------ TASK DATA
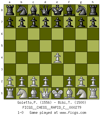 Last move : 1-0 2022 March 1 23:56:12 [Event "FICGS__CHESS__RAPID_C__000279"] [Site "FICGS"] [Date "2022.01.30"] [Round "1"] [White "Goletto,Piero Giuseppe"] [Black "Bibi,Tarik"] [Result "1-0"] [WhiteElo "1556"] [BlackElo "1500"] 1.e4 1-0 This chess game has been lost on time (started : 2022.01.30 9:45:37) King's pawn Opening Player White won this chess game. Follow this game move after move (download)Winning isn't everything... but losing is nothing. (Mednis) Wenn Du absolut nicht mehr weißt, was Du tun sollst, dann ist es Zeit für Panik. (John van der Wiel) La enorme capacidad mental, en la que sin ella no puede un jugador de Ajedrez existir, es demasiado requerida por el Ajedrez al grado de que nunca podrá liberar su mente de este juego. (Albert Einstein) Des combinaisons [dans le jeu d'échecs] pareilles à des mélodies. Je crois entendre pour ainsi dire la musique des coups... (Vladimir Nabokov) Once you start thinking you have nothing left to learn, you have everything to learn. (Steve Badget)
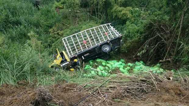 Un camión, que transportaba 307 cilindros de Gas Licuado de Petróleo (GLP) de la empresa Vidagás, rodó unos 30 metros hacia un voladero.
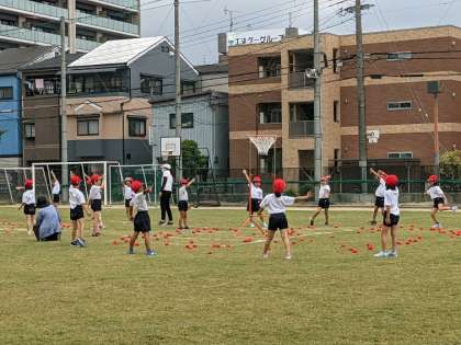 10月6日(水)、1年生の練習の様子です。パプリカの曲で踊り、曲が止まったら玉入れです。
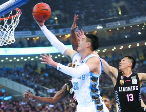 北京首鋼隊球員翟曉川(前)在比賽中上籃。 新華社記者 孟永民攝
------------
------ TASK DATA
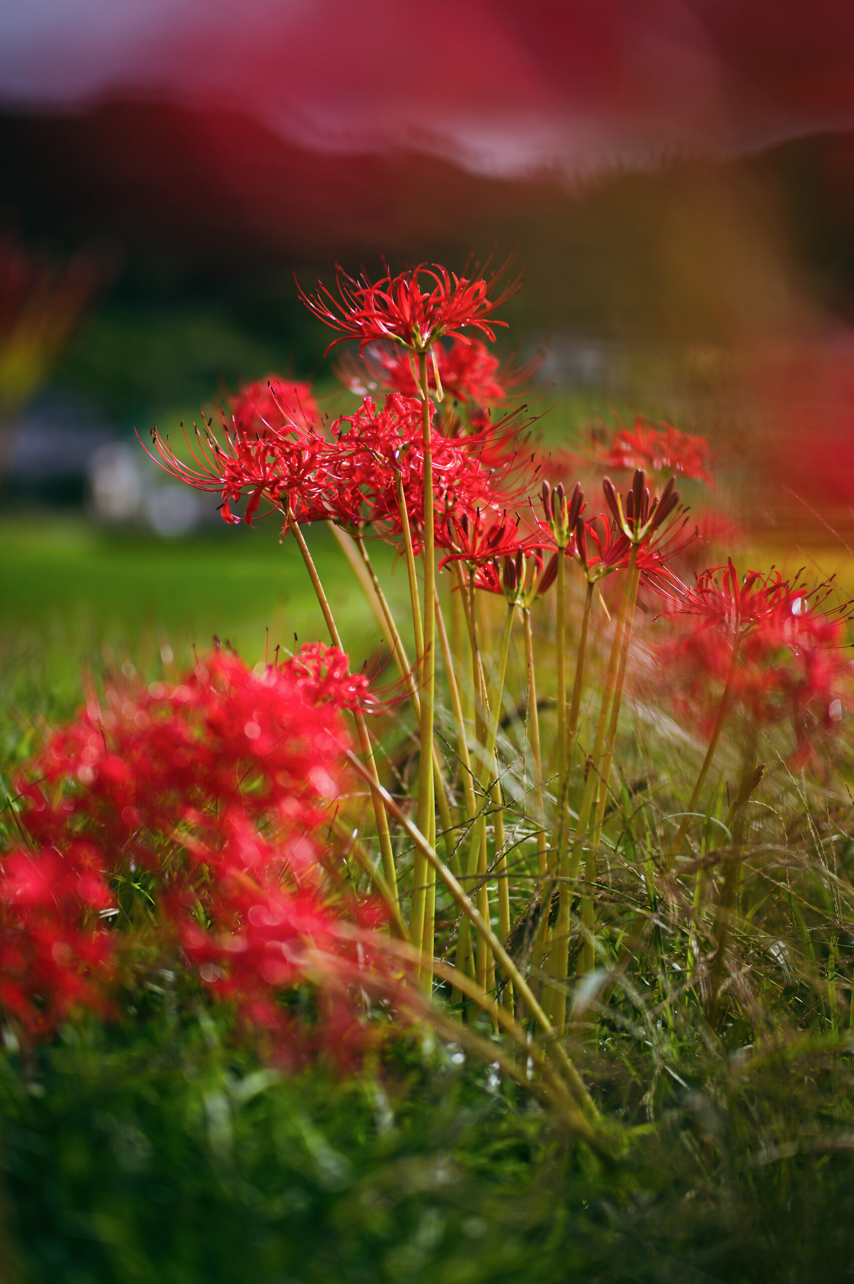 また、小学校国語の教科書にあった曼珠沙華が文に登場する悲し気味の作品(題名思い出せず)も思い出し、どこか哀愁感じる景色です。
------------
**TASK INSTRUCTIONS**
Starting at the line above that holds "Un camión, que", repeat every line exactly down to and including the line that holds "北京首鋼隊球員翟曉川(前)在比賽中上籃。 新華社記者 孟永民攝", then stop. Do not carry over any pictures.

**REPLY**
 Un camión, que transportaba 307 cilindros de Gas Licuado de Petróleo (GLP) de la empresa Vidagás, rodó unos 30 metros hacia un voladero.
 10月6日(水)、1年生の練習の様子です。パプリカの曲で踊り、曲が止まったら玉入れです。
 北京首鋼隊球員翟曉川(前)在比賽中上籃。 新華社記者 孟永民攝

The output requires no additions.